- **Assignment**:
Your copy should hold exactly the lines from the one containing "Blærer på håndrygge" through the last line of the entries, and no pictures.

- **Records**:
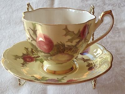 Yellow QUEEN ANNE Thistle Pattern - Gold Rim and Footed - rare in its colour 415
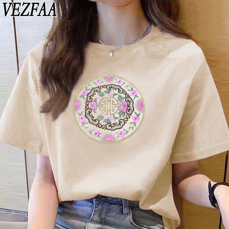 VEZFAA Женские модные повседневные летние весенние блузки и рубашки с цветочным узором и коротким рукавом с круглым вырезом
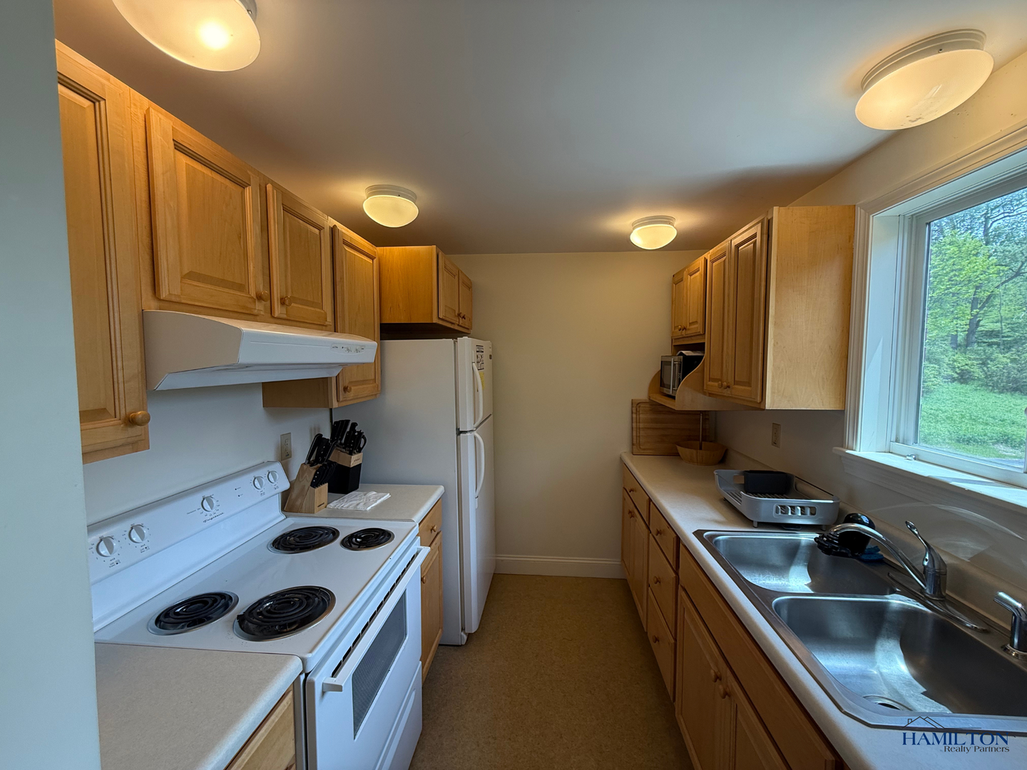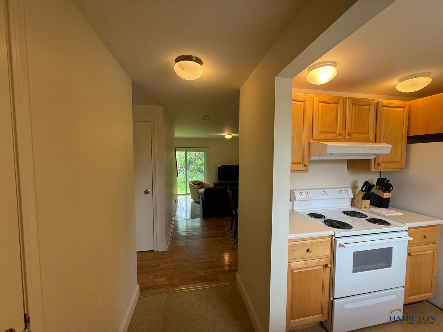 This town-house style apartment is located on the edge of the village of Hamilton. There are 2 bedrooms, 1.5 baths, galley style kitchen, kitchen/dining room combo and a full basement for storage. There is a shared laundry room on premises. (coin-operated).
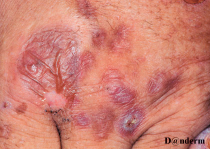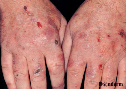 Blærer på håndrygge i forbindelse med porfyria cutanea tarda. Sidder på lyseksponerede områder og kan være smertefulde. Når blærerne brister, opstår sår og huden kan med tiden blive skrøbelig.
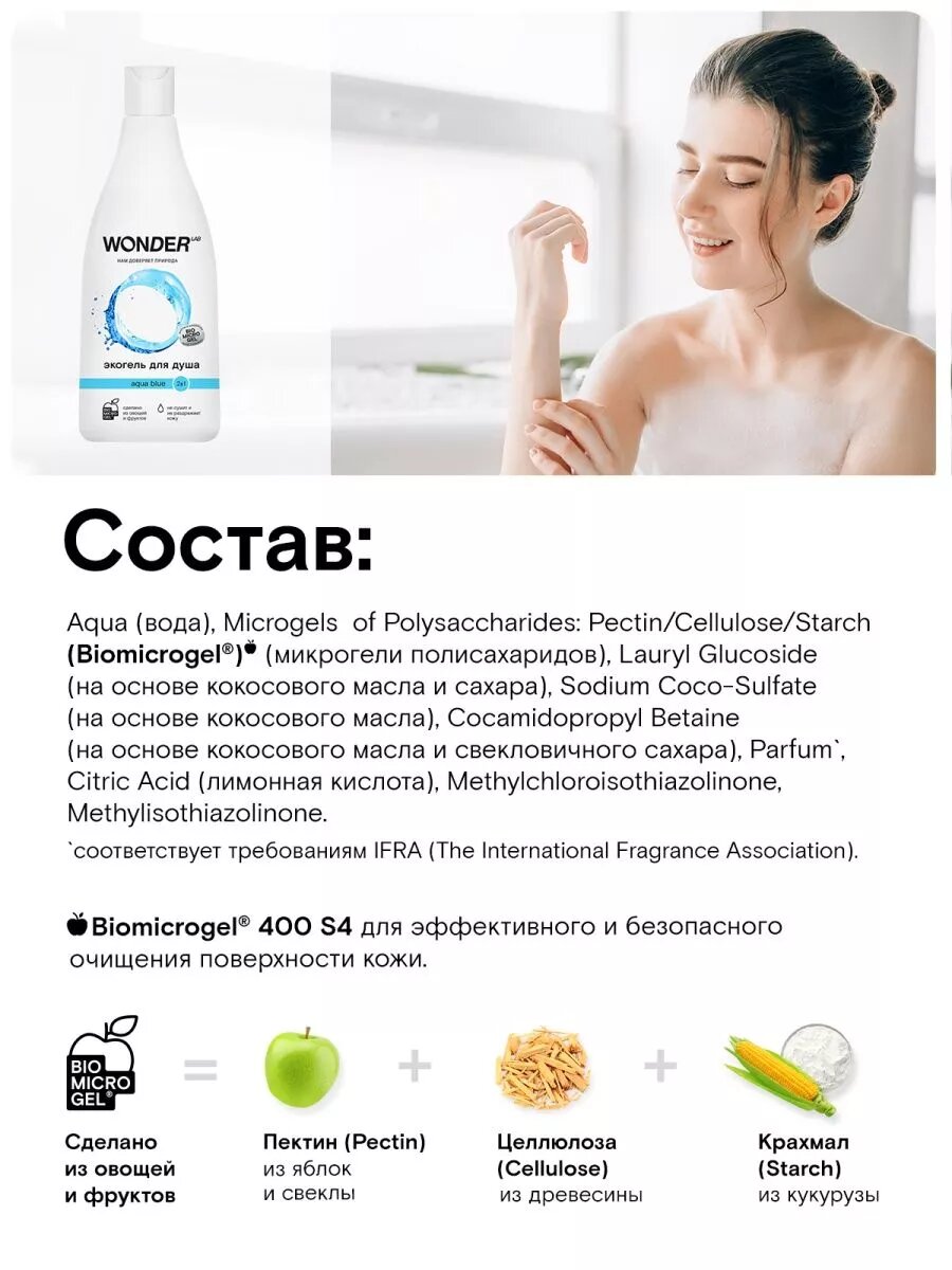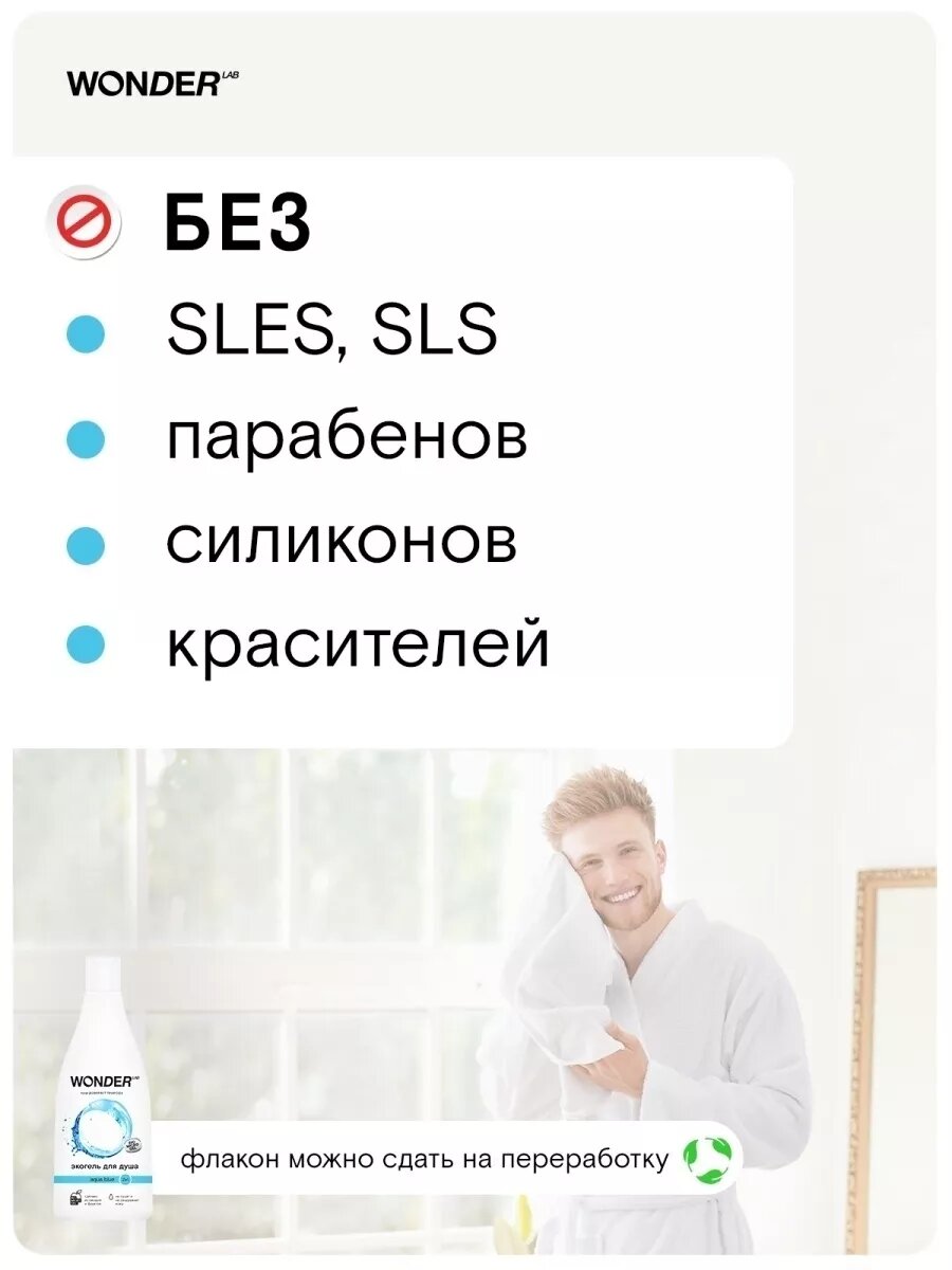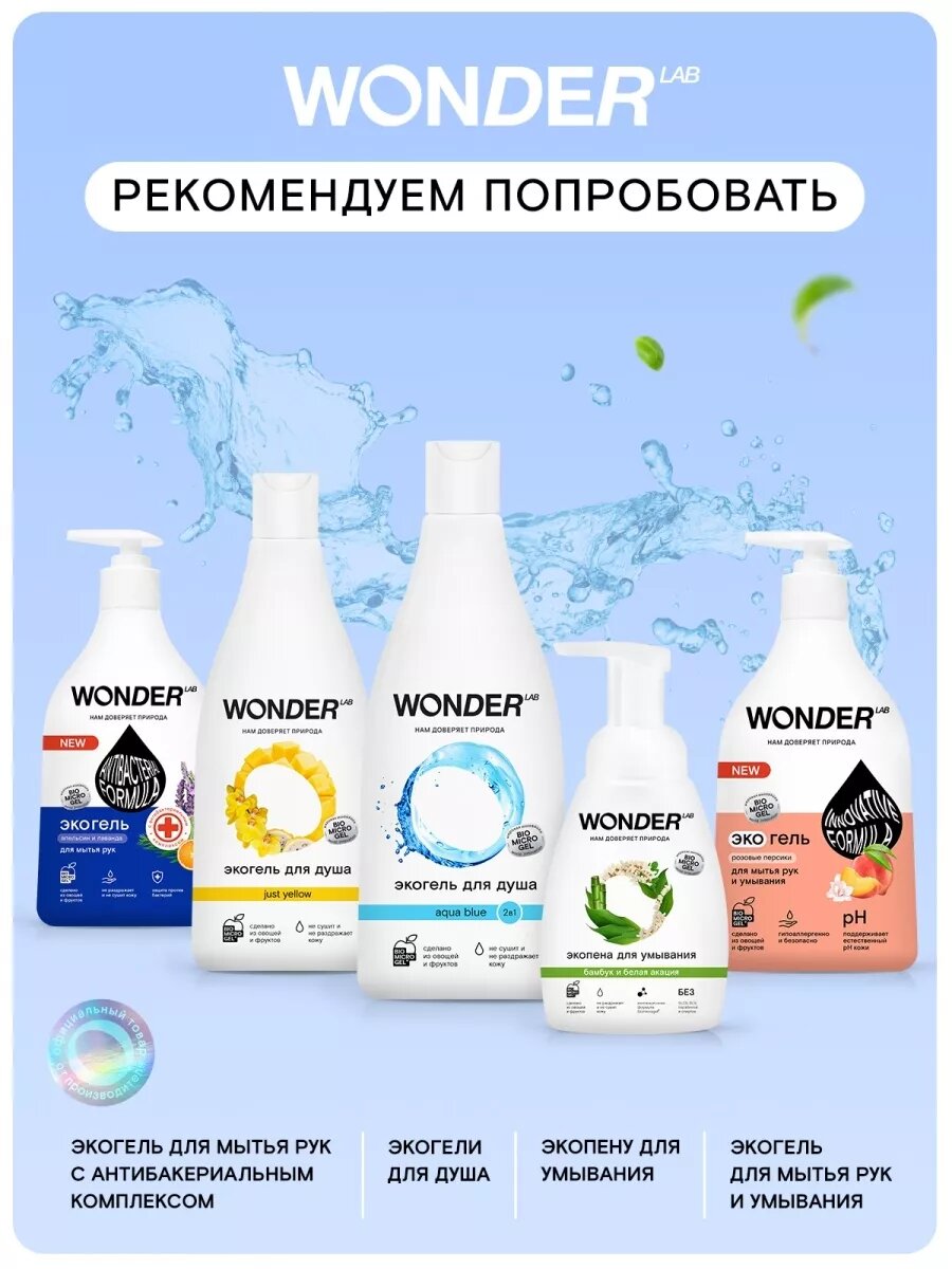 Гель для душа увлажняющий WONDER LAB экологичное средство для тела без сульфатов 550 мл

- **Answer to the problem**:
 Blærer på håndrygge i forbindelse med porfyria cutanea tarda. Sidder på lyseksponerede områder og kan være smertefulde. Når blærerne brister, opstår sår og huden kan med tiden blive skrøbelig.
 Гель для душа увлажняющий WONDER LAB экологичное средство для тела без сульфатов 550 мл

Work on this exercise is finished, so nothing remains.